--- What you are asked to do ---
In the copy, include all of the listing exactly and none of its pictures.

--- Provided material ---
---

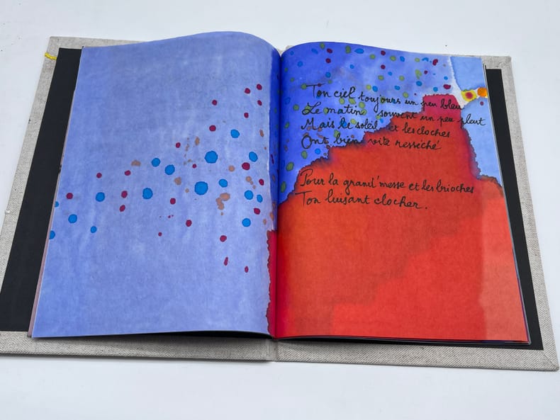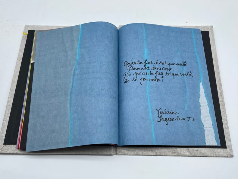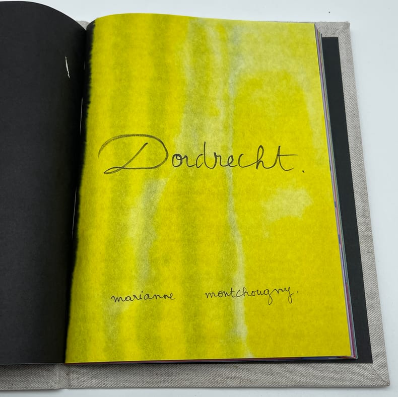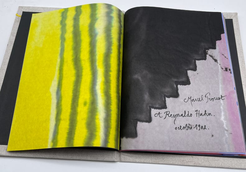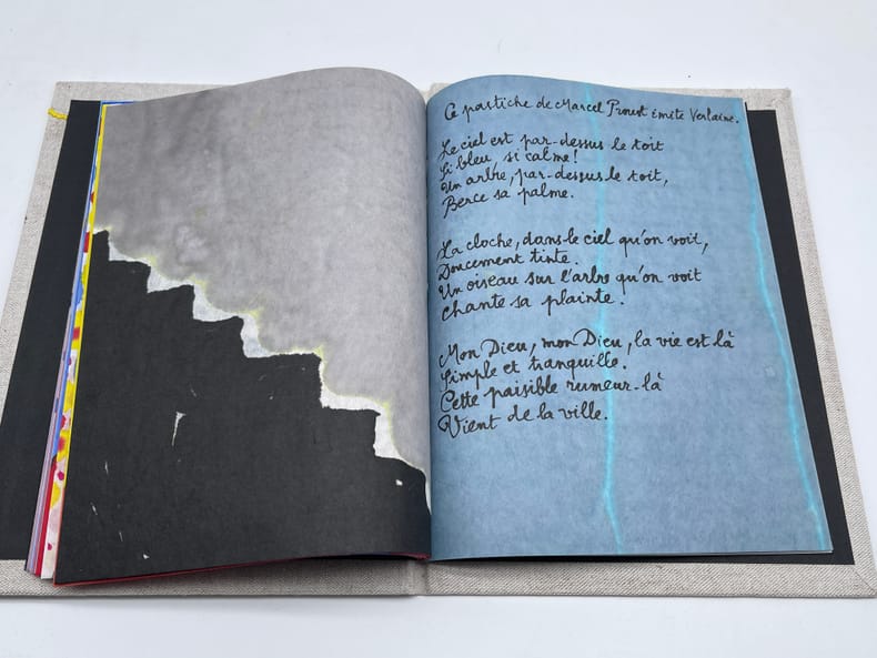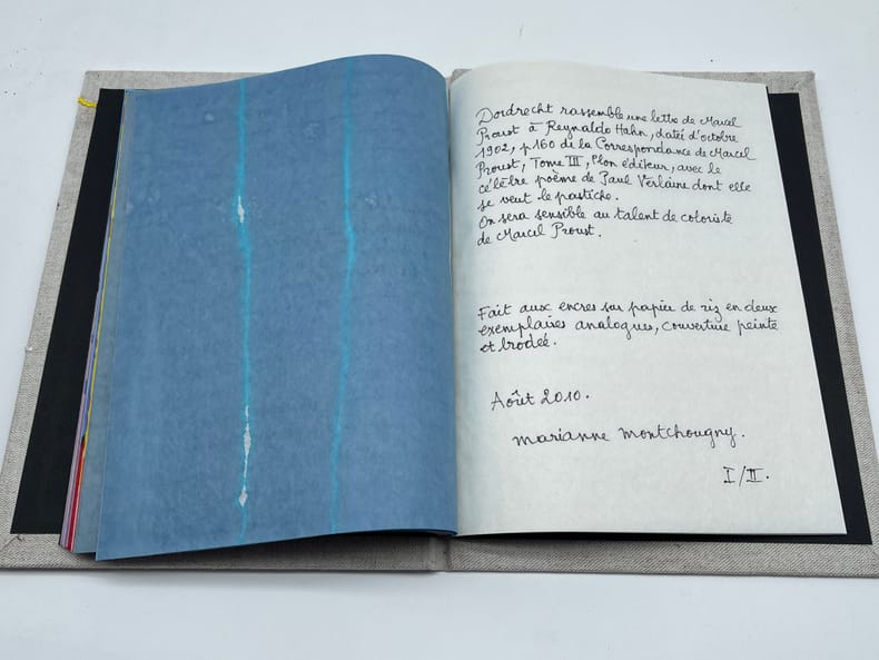 Marcel Proust; Paul Verlaine ; Marianne Montchougny (illustratrice), Dordrecht - Lettre de Marcel Proust à Reynaldo Hahn et Poème de Verlaine tiré de Sagesse. S.l., Marianne Montchougny, août 2010. 248*188mm, 28p. Illustré entièrement original, fait à 2 exemplaires, n°I/II. Sur papier de riz, entièrement aquarellé et manuscrit par Marianne Montchougny. Le texte reproduit donc une lettre d'octobre 1902 de Proust à Reynaldo Hahn, contenant un poème qui se veut le pastiche d'un poème de Verlaine (Sagesse, livre III, 6) reproduit la suite. Reliure cartonné et toilée, brodée et peinte. Très bel état. Bel ouvrage.
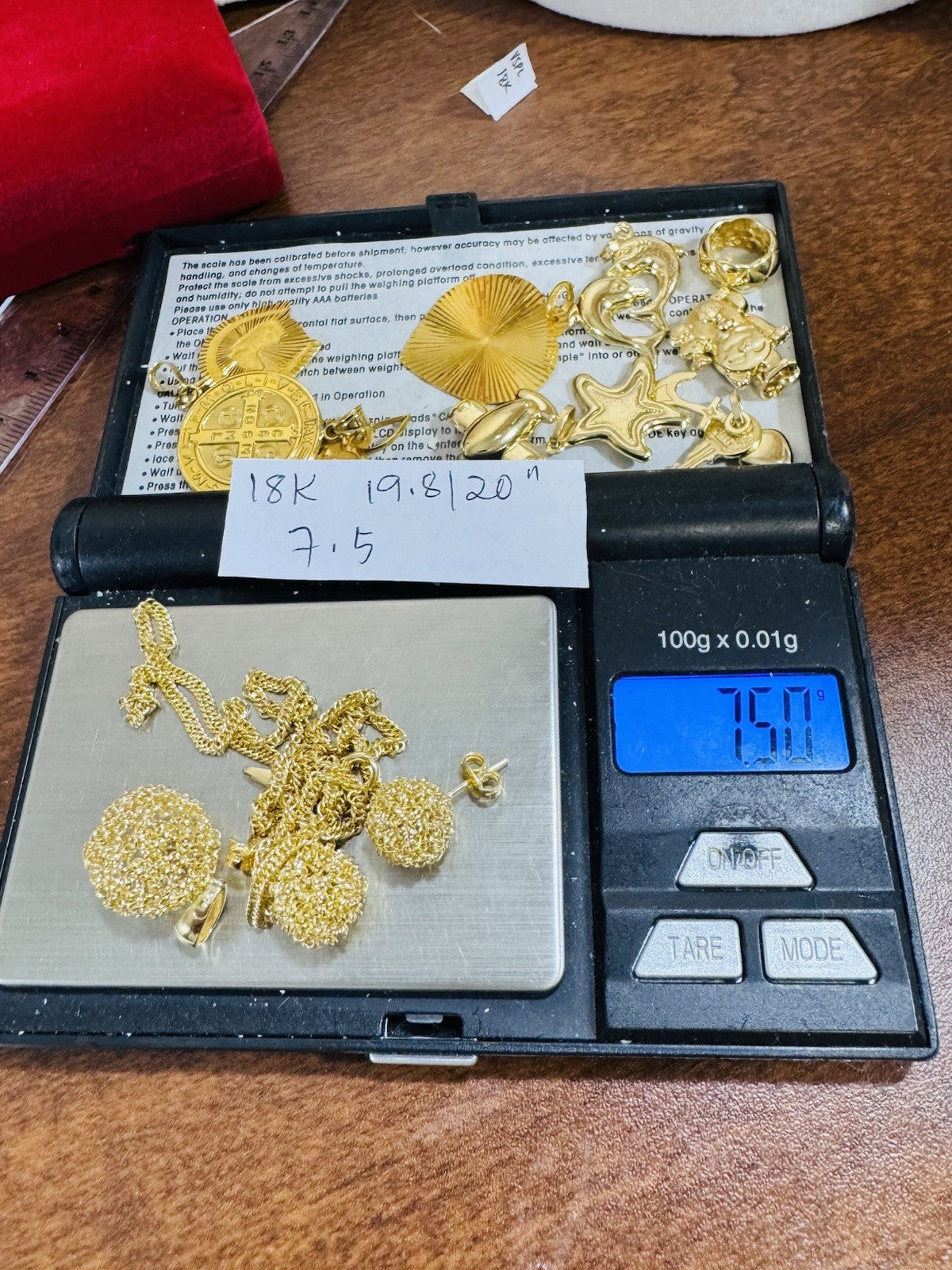 Pure 18K 750 DUBAI Gold Round Ball Earring & Necklace 19.8”/20” Long 2.2mm 7.5g
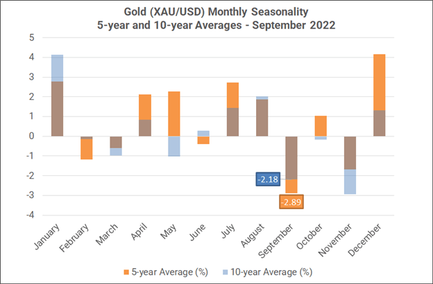 从季节性的角度来看,9月对黄金来说是一个不太友好的月份。以过去的5年数据作为统计,9月份是黄金在一年中表现最糟糕的月份,平均下跌幅度为-2.89%,而在过去的10年中,它是一年中表现第二糟糕的月份,平均跌幅为-2.18%。

---

--- Reply ---
 Marcel Proust; Paul Verlaine ; Marianne Montchougny (illustratrice), Dordrecht - Lettre de Marcel Proust à Reynaldo Hahn et Poème de Verlaine tiré de Sagesse. S.l., Marianne Montchougny, août 2010. 248*188mm, 28p. Illustré entièrement original, fait à 2 exemplaires, n°I/II. Sur papier de riz, entièrement aquarellé et manuscrit par Marianne Montchougny. Le texte reproduit donc une lettre d'octobre 1902 de Proust à Reynaldo Hahn, contenant un poème qui se veut le pastiche d'un poème de Verlaine (Sagesse, livre III, 6) reproduit la suite. Reliure cartonné et toilée, brodée et peinte. Très bel état. Bel ouvrage.
 Pure 18K 750 DUBAI Gold Round Ball Earring & Necklace 19.8”/20” Long 2.2mm 7.5g
 从季节性的角度来看,9月对黄金来说是一个不太友好的月份。以过去的5年数据作为统计,9月份是黄金在一年中表现最糟糕的月份,平均下跌幅度为-2.89%,而在过去的10年中,它是一年中表现第二糟糕的月份,平均跌幅为-2.18%。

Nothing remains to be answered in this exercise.